Where is Jack London's essay on "The Scab," which has been quoted in various labor actions?
This essay is more complex than one would suppose from the title. It was a speech later published in the Atlantic magazine, and in a collection of essays, The War of the Classes. Here he discusses capitalist scabs, and the United States economy as a scab in relation to other nations. You may find that the quote you have is not in this essay, because the late James Sisson III determined that some of the statements regarding scabs attributed to London actually come from other sources.
Despite the opening of the essay, which might lead a reader to think it is critical of scabs, London reveals how scabs and working men on strike shared commonality of social class. The solution to their plight would be in Socialism and class struggle, not in unionism. For a careful discussion of this essay, consult Jay Williams, Author Under Sail, Vol. 2, Ch.2 (University of Nebraska, 2021).
Here are the opening paragraphs:
"In a competitive society, where men struggle with one another for food and shelter, what is more natural than that generosity, when it diminishes the food and shelter of men other than he who is generous, should be held an accursed thing? Wise old saws to the contrary, he who takes from a man's purse takes from his existence. To strike at a man's food and shelter is to strike at his life, and in a society organized on a tooth-and-nail basis, such an act, performed though it may be under the guise of generosity, is none the less menacing and terrible.
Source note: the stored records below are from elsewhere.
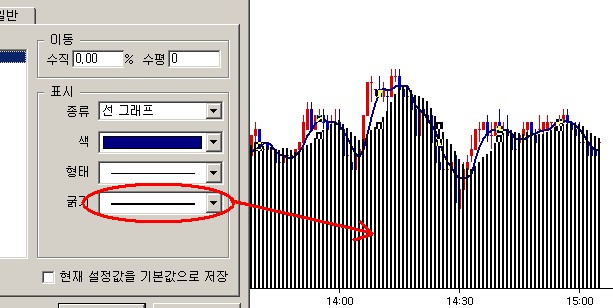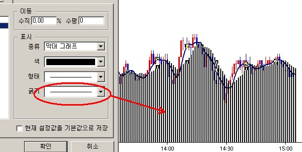 > 첨부파일 첫 번째 보시면 지표속성에서 차트표시에서 막대그래프로 굵기를 제일 가늘게 한 상태입니다. 두 번째 파일을 보시면 첫 번째 굵기와 두 번째 굵기가 같습니다.
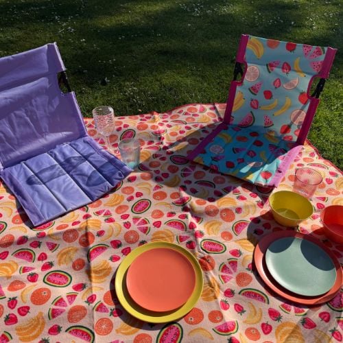 Een geslaagde picknick begint met de juiste basis: een gezellig picknickkleed. En zeg nou zelf, dat fruitige Xenos-kleed vol zomerse printjes maakt de sfeer toch meteen? Leg ‘m neer in het park, op het strand of gewoon in je tuin en je zit meteen goed. Wil je net wat comfortabeler zitten? Dan zijn de kleurrijke opvouwbare picknickstoeltjes met rugleuning echt een uitkomst. Ze zijn lichtgewicht, makkelijk mee te nemen en zitten verrassend lekker. Voeg daar wat vrolijk servies, kleurrijke kommen en herbruikbare glazen aan toe, en je picknickplek voelt als een mini-vakantie in eigen land. Gezelligheid gegarandeerd!
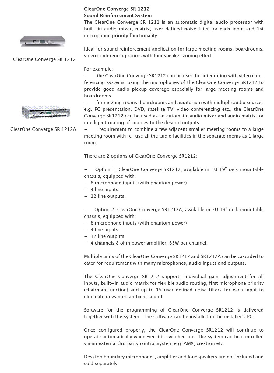 The ClearOne Converge SR 1212 is an automatic digital audio processor with built-in audio mixer, matrix, user defined noise filter for each input and 1st microphone priority functionality. Ideal for sound reinforcement application for large meeting rooms, boardrooms, video conferencing rooms with loudspeaker zoning effect.

It is for this reason that a laborer is so fiercely hostile to another laborer who offers to work for less pay or longer hours. To hold his place (which is to live), he must offset this offer by another equally liberal, which is equivalent to giving away somewhat from the food and shelter he enjoys. To sell his day's work for two dollars instead of two dollars and a half means that he, his wife, and his children will not have so good a roof over their heads, such warm clothes on their backs, such substantial food in their stomachs. Meat will be bought less frequently, and it will be tougher and less nutritious; stout new shoes will go less often on the children's feet; and disease and death will be more imminent in a cheaper house and neighborhood."